26. The First English Literature


The history of English Literature begins with the Germanic tradition of the Anglo-Saxon settlers. Beowulf is
the earliest and most popular work in Old English Literature. As the Normans conquested England, Middle
English replaced the Old English and was used by the father of English Literature, Geoffrey Chaucer in his
famous work, The Canterbury Tales. William Shakespeare came to be considered as the most iconic and
greatest writer in the history of English Literature as he is revered for his legendary plays and sonnets. Also,
download the history of English Literature PDF to read about the exciting history and evolution of the greatest
literary works.The oldest English literature was in Old English which is the earliest form of English and is a
set of Anglo-Frisian dialects. The history of English Literature is spread over different eras including Old
English or Anglo Saxon, The Renaissance, Victorian Era, Modern Era, Postmodern era, amongst others.
The most important 8 periods of English Literature are: 1. Old English (Anglo-Saxon Period): 450–1066; 2.
Middle English Period: 1066-1500; 3. Renaissance: 1500-1600; 4. Neoclassical Period: 1600-1785; 5.
Romantic Period: 1785-1832; 6. Victorian Age: 1832-1901; 7. Edwardian Period: 1901-1914; 8.
Georgian Period: 1910-1936; 9. Modern Period: Early 20th century; 10. Postmodern Period: Mid-20th
century. Geoffrey Chaucer Geoffrey Chaucer (c.1340s – 25 October 1400) was an English poet, author, and
civil servant best known for The Canterbury, who is the first father of English literature.

27. Anglo-Norman literature


Anglo-Norman literature was a verse literature in which we find a love for word play. The tone was lighter
and the themes romantic. Even when the subject was an imaginary historical or religious figure, the overall
effect remained romantic. Imagination and fancy ruled the day.
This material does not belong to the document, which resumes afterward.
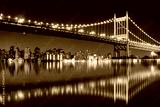Beautiful night view with lights of Robert F. Kennedy RFK bridge formerly known as the Triborough bridge from Astoria Queens across the East River toward New York City upper Manhattan skyline

These were stories of love and adventure.
Geoffrey of Monmouth related the tale of King Arthur. Soon other found the Arthurian legend great fodder for
their stories. Even historical accounts lost their “factual” presentation. Layamon told the history of Britain in
rhyme. “Layamon’s Brut (ca. 1190-1215) is a Middle English poem. At a little over 16,000 lines, it was the
first historiography written in English since the Anglo-Saxon Chronicle.The story line for Brut follows the
mythical founder of Britain, Brutus of Troy. It is based on the Anglo-Norman poem, Roman de Brut by Wace,
which was a version of Geoffrey of Monmouth’s Latin Historia Regum Britanniae. “The versification of the
Brut has proven extremely difficult to characterise. Written in a loose alliterative style, sporadically deploying
rhyme as well as a caesural pause between the hemistichs of a line, it is perhaps closer to the rhythmical prose
of Ælfric of Eynsham than to verse, especially in comparison with later alliterative writings such as Sir
Gawain and the Green Knight and Piers Plowman. Layamon’s alliterating verse is difficult to analyse,
seemingly avoiding the more formalised styles of the later poets.“Layamon’s Middle English at times includes
modern Anglo-Norman language: the scholar Roger Loomis counted 150 words derived from Anglo-Norman
in its 16,000 long-lines. It is remarkable for itsabundant Anglo-Saxon vocabulary; deliberately archaic Saxon
forms that were quaint even by Anglo-Saxon standards. Imitations in the Brut of certain stylistic and prosodic
features of Old English alliterative verse show a knowledge and interest in preserving its conventions.”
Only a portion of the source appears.